На этот раз она не смотрела в глаза, словно боялась, словно я – тот голодный злой дух. Старательно отводила взгляд. Я молчал.

– Он пастух. Абисарахи, – ее голос так старался быть твердым. – Мой дядя уже дал согласие. Женщина не может долго жить одна, у меня нет ни братьев, ни отца…

– Хорошо, – кивнул я. Повернулся спиной и ушел. Мне уже все равно.

Ночь. Небо затянуло облаками, так, что круглый бок Сребророгого едва проглядывает и снова исчезает, лишь тускло мерцая. Дождь бы пошел, так ведь нет, как же, пойдет он… Дожди здесь редкость. Воздух густой и душный.
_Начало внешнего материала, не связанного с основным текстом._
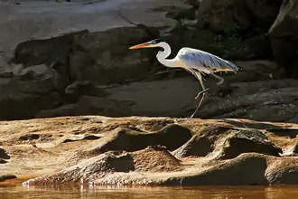 There is a wide range of mammals in the park including marsh deer, other species of deer, peccary, capybara, giant anteater, maned wolf, jaguar, giant otter and armadillo. The reptiles present include the anaconda, spectacled caiman, black caiman and South American river turtle, and the rivers are home to many freshwater fish as well as Amazon river dolphins and Tucuxi dolphins. There are plenty of birds too, including the common toucan, anhinga, greater rhea, quail, partridge, osprey, Orinoco goose, heron. egret, Spix's macaw, hoatzin and musician wren.[3]

Я иду вдоль невысокого, где-то по пояс, вала из земли и камней, ритмично бью в свой бубен – пугаю духов. Лукани делает тоже самое, чуть в стороне. Так нам и бродить до завтрашнего вечера, пока не сменят. Сутки. Изнуряющая, тупая работа. Как мальчишки, вроде того же Кудды, выдерживают – даже не представляю. Я хоть не вижу этих духов и мне плевать. Хожу себе, гремлю… А они видят. Их смерть бродит в двух шагах за валом, принюхивается, ждет. Один неосторожный шаг и хатаниш бросится – последнее время это случается все чаще.

На валу торчат палки или просто высокие камни, между которыми натянуты нити бубенцов. Здесь, где скальный разлом Ишме-Шмаша выходит к долине – шагов четыреста в ширину, а по середине бежит ручей. Двое стражей на этом берегу, двое на том. Обычно духи не лезут через вал. Но если такое случается – нужно этим же бубном, хитро притоптывая, отпугнуть, загнать назад. Целый ритуал. Главное – в глаза не смотреть. Обычно это выходит. Если нет – оставшиеся в живых стражи бьют в гонг, и люди в деревне успевают спрятаться. Потом хатаниш возвращаются в свое ущелье. Насытившись.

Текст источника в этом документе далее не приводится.